8.3.9 Modulator Over-Range

The ADS1282-SP modulator is inherently stable, and therefore, has predictable recovery behavior resulting from an input overdrive condition. The modulator does not exhibit self-resetting behavior, which often results in an unstable output data stream.

The ADS1282-SP modulator outputs a 1s density data stream at 90% duty cycle with the positive full-scale input signal applied (10% duty cycle with the negative full-scale signal). If the input is overdriven past 90% modulation, but less than 100% modulation (10% and 0% for negative overdrive, respectively), the modulator remains stable and continues to output the 1s density data stream. The digital filter may or may not clip the output codes to +FS or –FS, depending on the duration of the overdrive. When the input returns to the normal range from a long duration overdrive (worst case), the modulator returns immediately to the normal range, but the group delay of the digital filter delays the return of the conversion result to within the linear range (31 readings for linear phase FIR). 31 additional readings (62 total) are required for completely settled data.
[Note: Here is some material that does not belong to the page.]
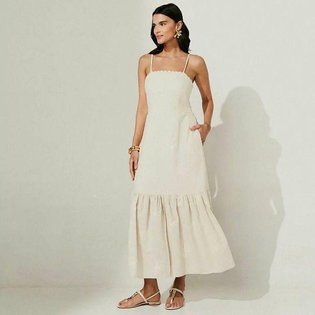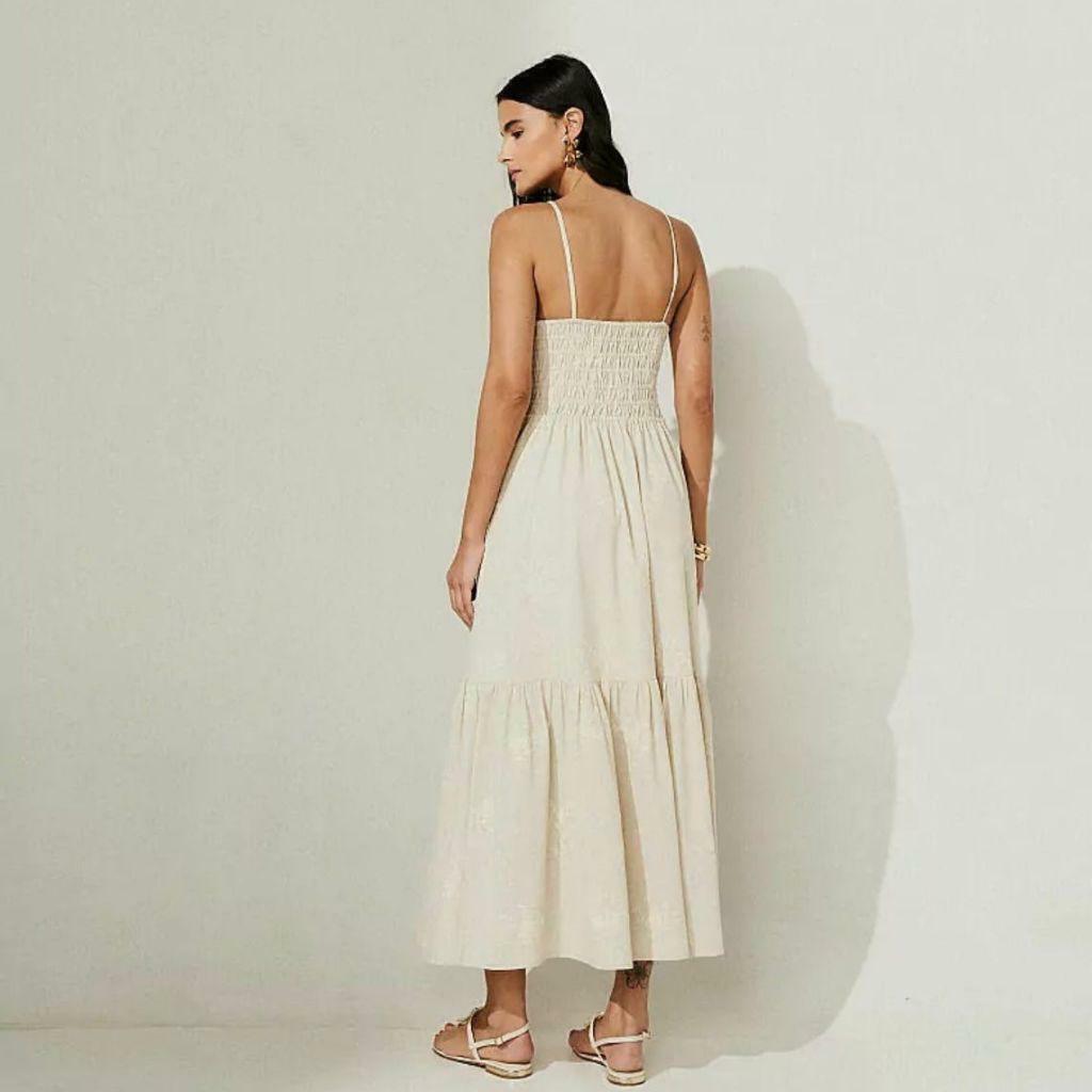 Vestido confeccionado em viscolinho, com bordado, alças finas, comprimento midi, fenda frontal na saia, sianinha em torno do decote, lastex na parte de trás, forrado.

If the inputs are sufficiently overdriven to drive the modulator to full duty cycle, all 1s or all 0s, the modulator enters a stable saturated state. The digital output code may clip to +FS or –FS, again depending on the duration. A small duration overdrive may not always clip the output code. When the input returns to the normal range, the modulator requires up to 12 modulator clock cycles (ƒMOD) to exit saturation and return to the linear region. The digital filter requires an additional 62 conversions for fully settled data (linear phase FIR).

In the extreme case of over-range, either input is overdriven, exceeding the voltage of either analog supply voltage plus an internal ESD diode drop. The internal diodes begin to conduct and the signal on the input is clipped. When the input overdrive is removed, the diodes recover quickly. Keep in mind that the input current must be limited to 100-mA peak or 10-mA continuous if an overvoltage condition is possible.